━━━━━ SOURCE DATA

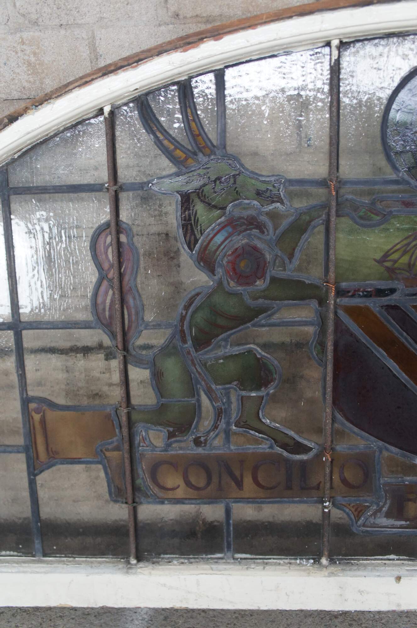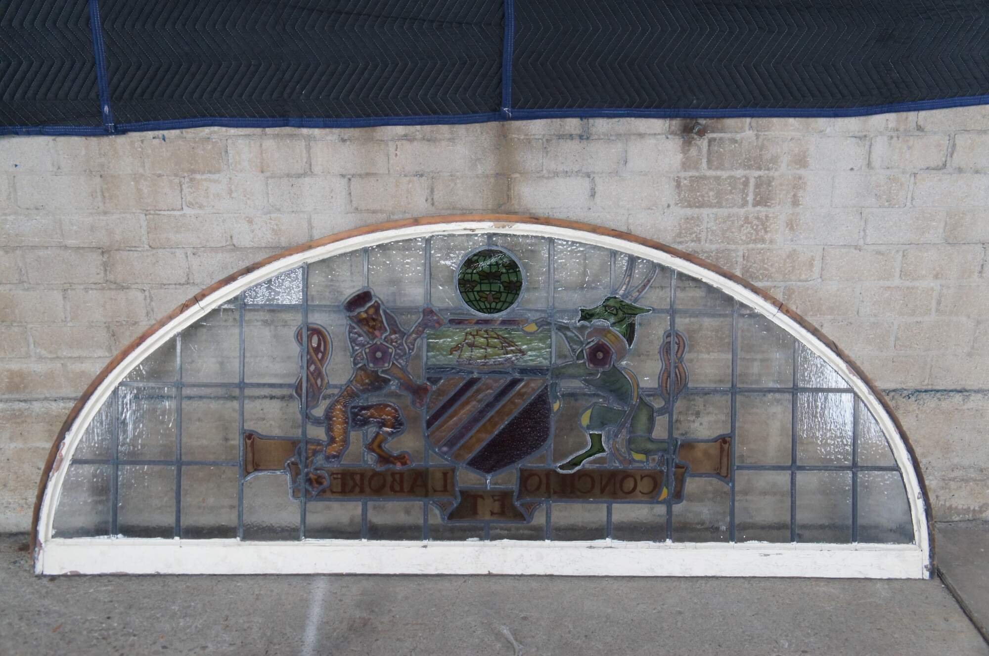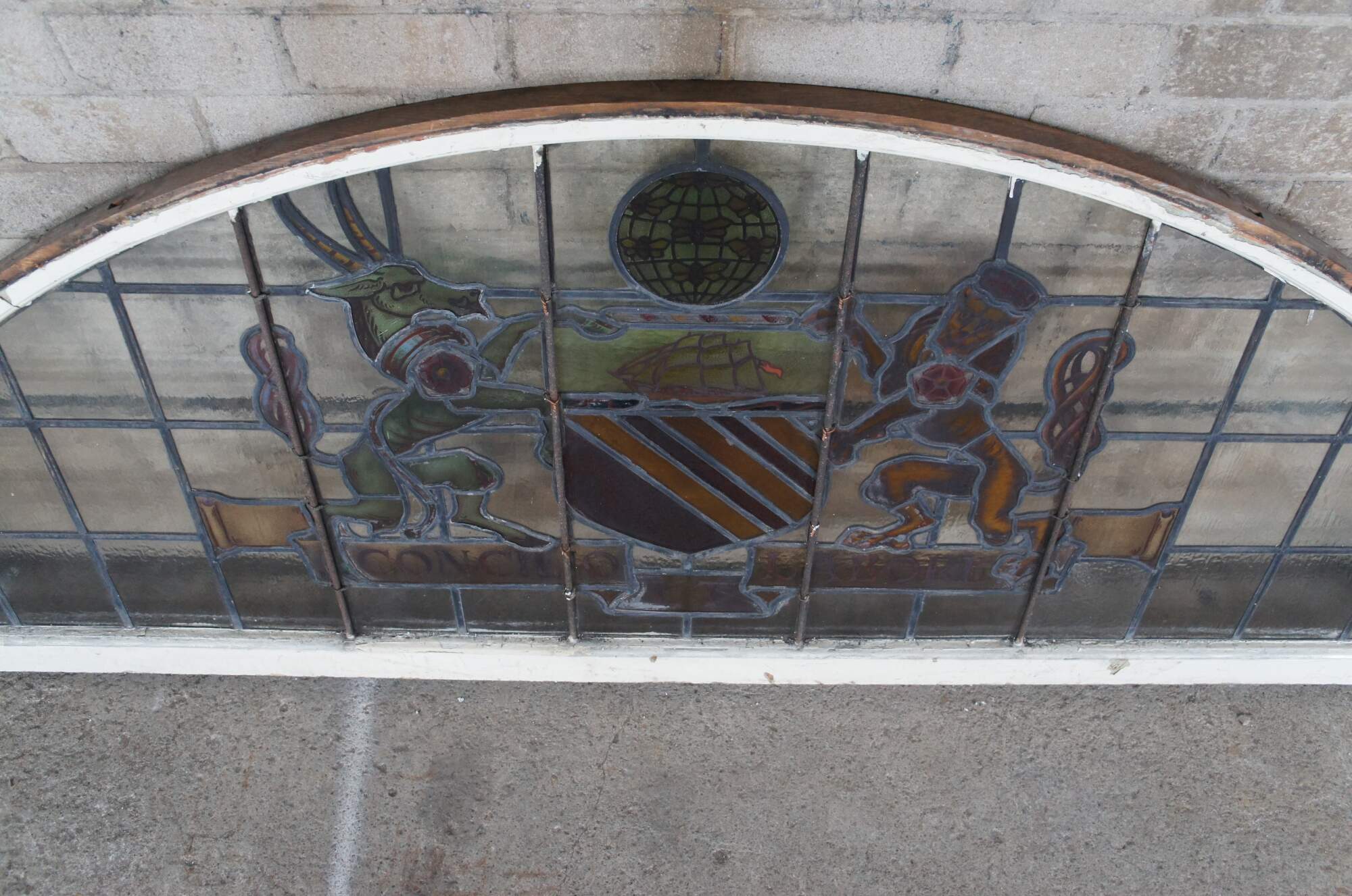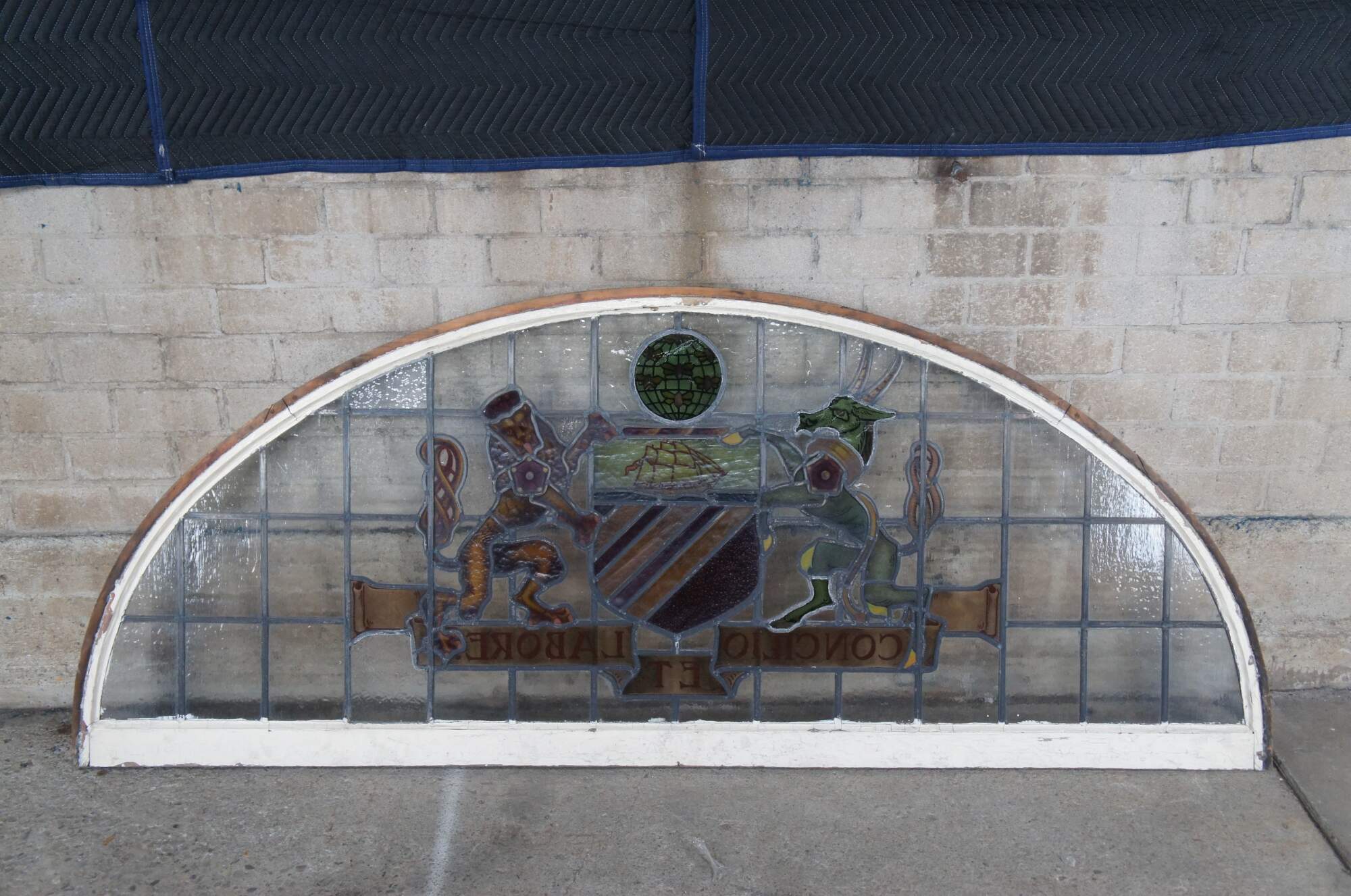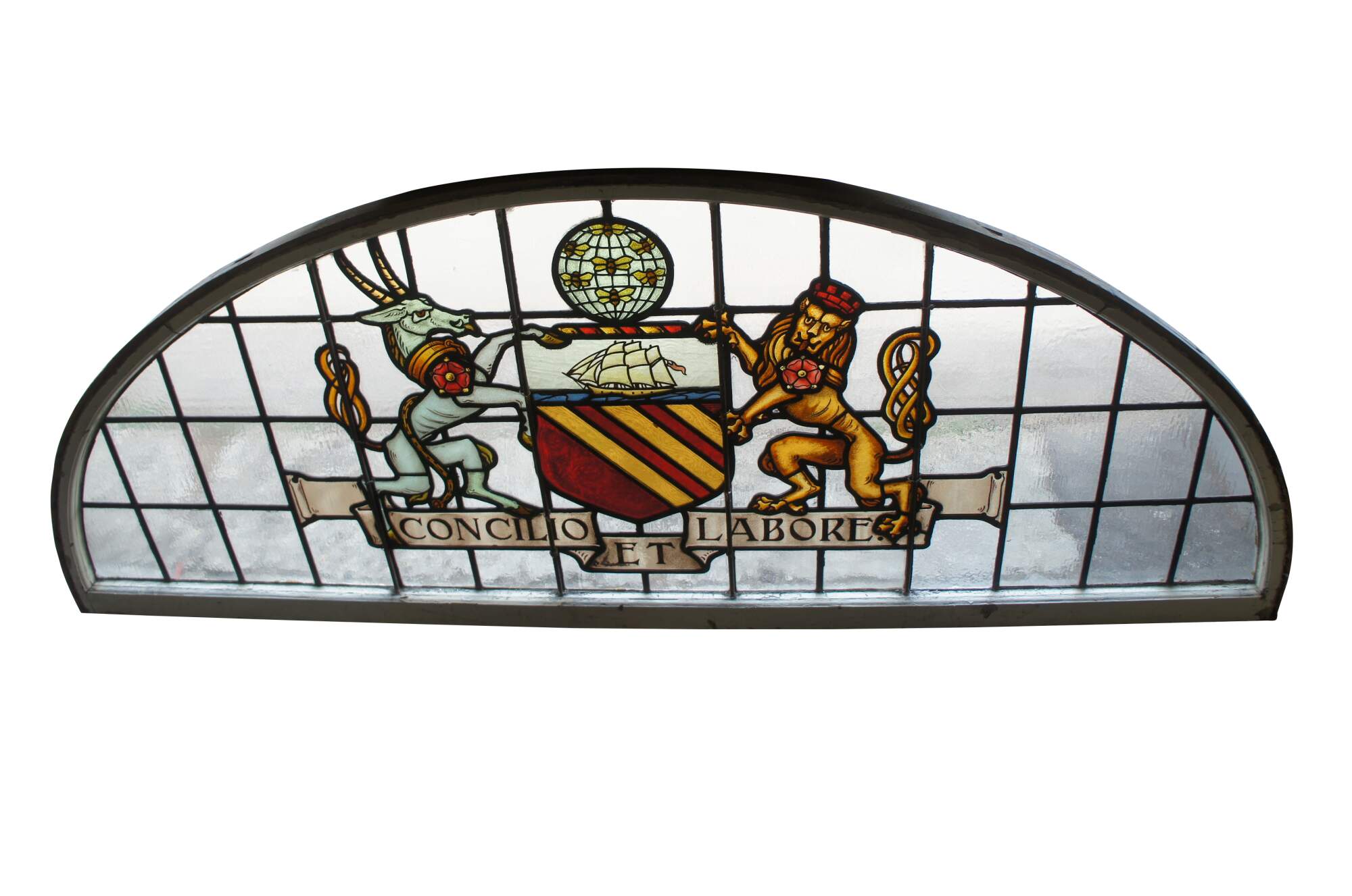 A fantastic very large pair of exceedingly rare leaded stained glass Palladian window panels, circa late 19th century. Features the Manchester England Coat of Arms, aptly titled 'Concilio et Labore' translated to 'By Counsel and Work' or 'Wisdom and Effort'. At the center is a heraldic Antelope and Lion centered around a shield beneath a ship and world globe with bees. The glass is boldly colored and impeccably designed. The coat of arms is centered over a large leaded lattice design and framed wood with an antique white finish. Removed from a prominent municipal building in England. Restored & Professionally Crated.
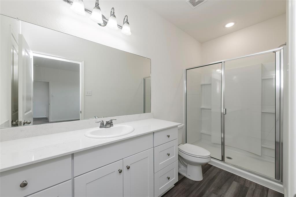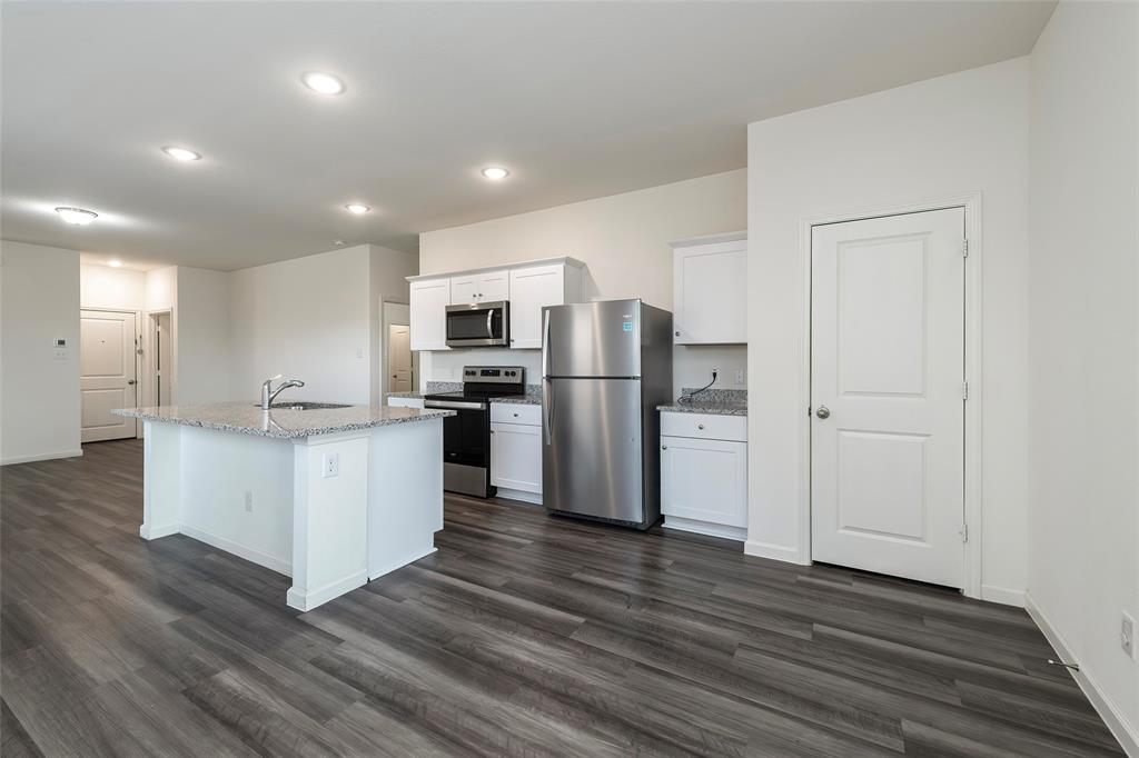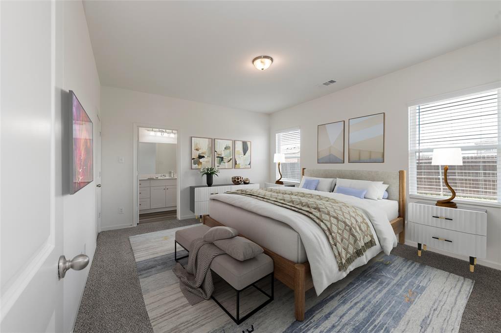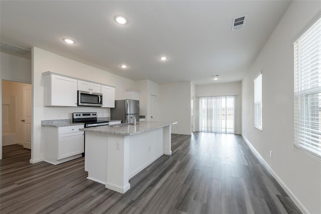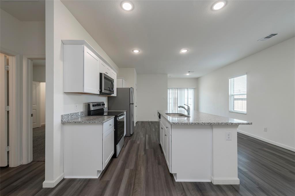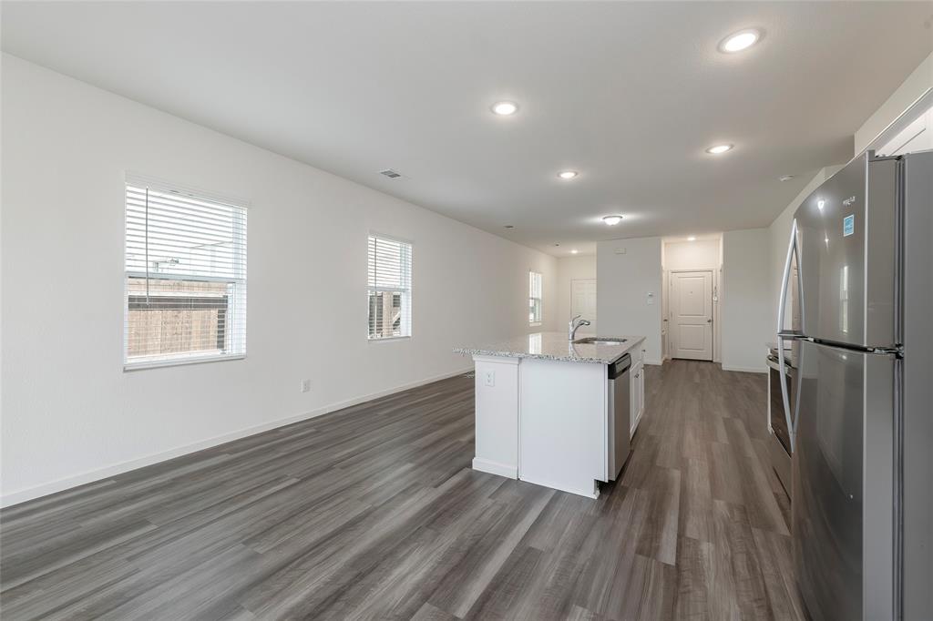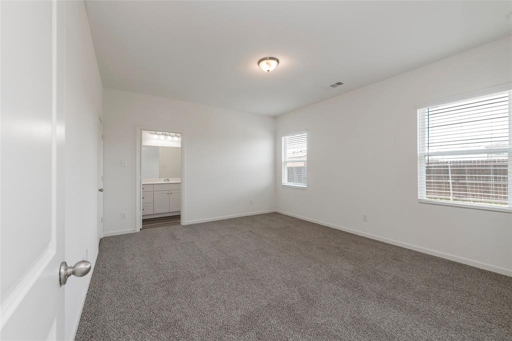 Beautiful one story house in Windmill Farm community with brand new carpet installed in all bedrooms and LVP in the common area. Back to green belt. Open Floor plan. Natural light throughout the house. Master suite with walk in shower and walk in closet. Spacious kitchen with stainless steel appliances, granite countertops, recessed lighting, cabinetry with ample storage space and an extended island to fulfill your cooking space needs. Enjoy outdoor family funs in the big fenced backyard. Convenient location, easy access to highway, close to shopping and restaurants. Refrigerator included. Community offers swimming pool and play structure, elementary school is located in the community [Please verify schools, room sizes, all information in listing prior to leasing] Min credit score 600. 1 month security deposit.
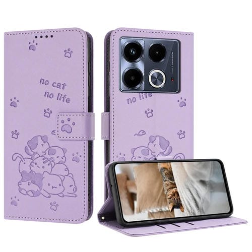 Funda de Cuero Infinix Note 40 4G con Diseño de Gatito en Relieve y Cordón (Morado)

━━━━━━━━━━

▸ **WORK INSTRUCTIONS**: Retype the listing verbatim, minus every image.

▸ **ANSWER BELOW**:
 A fantastic very large pair of exceedingly rare leaded stained glass Palladian window panels, circa late 19th century. Features the Manchester England Coat of Arms, aptly titled 'Concilio et Labore' translated to 'By Counsel and Work' or 'Wisdom and Effort'. At the center is a heraldic Antelope and Lion centered around a shield beneath a ship and world globe with bees. The glass is boldly colored and impeccably designed. The coat of arms is centered over a large leaded lattice design and framed wood with an antique white finish. Removed from a prominent municipal building in England. Restored & Professionally Crated.
 Beautiful one story house in Windmill Farm community with brand new carpet installed in all bedrooms and LVP in the common area. Back to green belt. Open Floor plan. Natural light throughout the house. Master suite with walk in shower and walk in closet. Spacious kitchen with stainless steel appliances, granite countertops, recessed lighting, cabinetry with ample storage space and an extended island to fulfill your cooking space needs. Enjoy outdoor family funs in the big fenced backyard. Convenient location, easy access to highway, close to shopping and restaurants. Refrigerator included. Community offers swimming pool and play structure, elementary school is located in the community [Please verify schools, room sizes, all information in listing prior to leasing] Min credit score 600. 1 month security deposit.
 Funda de Cuero Infinix Note 40 4G con Diseño de Gatito en Relieve y Cordón (Morado)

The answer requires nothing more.